Try it: Leave every picture out, then reproduce the rest of the listing exactly.

Information shown:
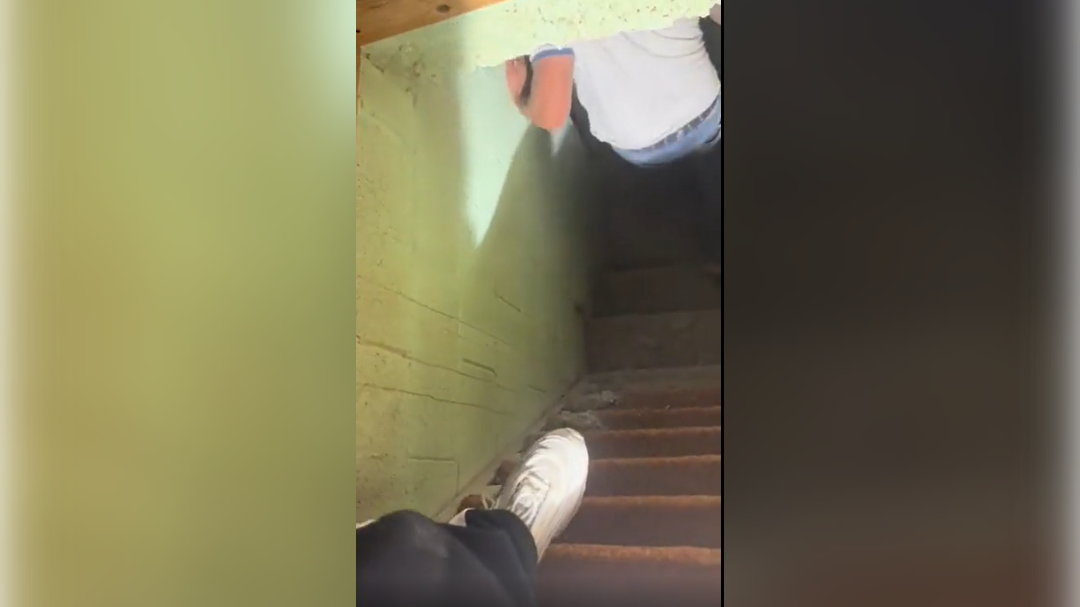 Moški se je previdno spustil v temno sobo, medtem ko mu je žena svetila pot. Posnetek razkriva prazno, a skrivnostno sobo z nenavadnimi sledmi na stenah.
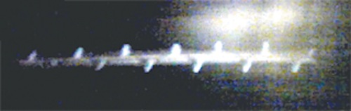 いろいろな可能性を考えましたけれど、こういう光の形はちょっと何であるかの想像も難しいです。
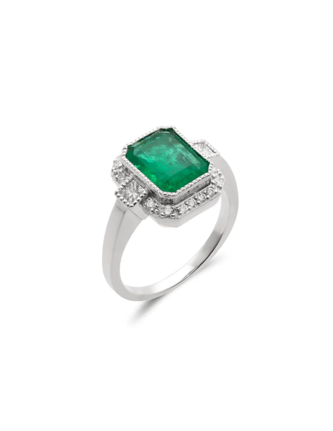 Anillo de oro blanco 1ª Ley (750 mmas) con una esmeralda natural en el centro acompañada de diamantes talla princesa y talla brillante. Un distinguido anillo en el que la fusión del verde intenso de la esmeralda junto a los diamantes resulta deslumbrante.

Result below:
 Moški se je previdno spustil v temno sobo, medtem ko mu je žena svetila pot. Posnetek razkriva prazno, a skrivnostno sobo z nenavadnimi sledmi na stenah.
 いろいろな可能性を考えましたけれど、こういう光の形はちょっと何であるかの想像も難しいです。
 Anillo de oro blanco 1ª Ley (750 mmas) con una esmeralda natural en el centro acompañada de diamantes talla princesa y talla brillante. Un distinguido anillo en el que la fusión del verde intenso de la esmeralda junto a los diamantes resulta deslumbrante.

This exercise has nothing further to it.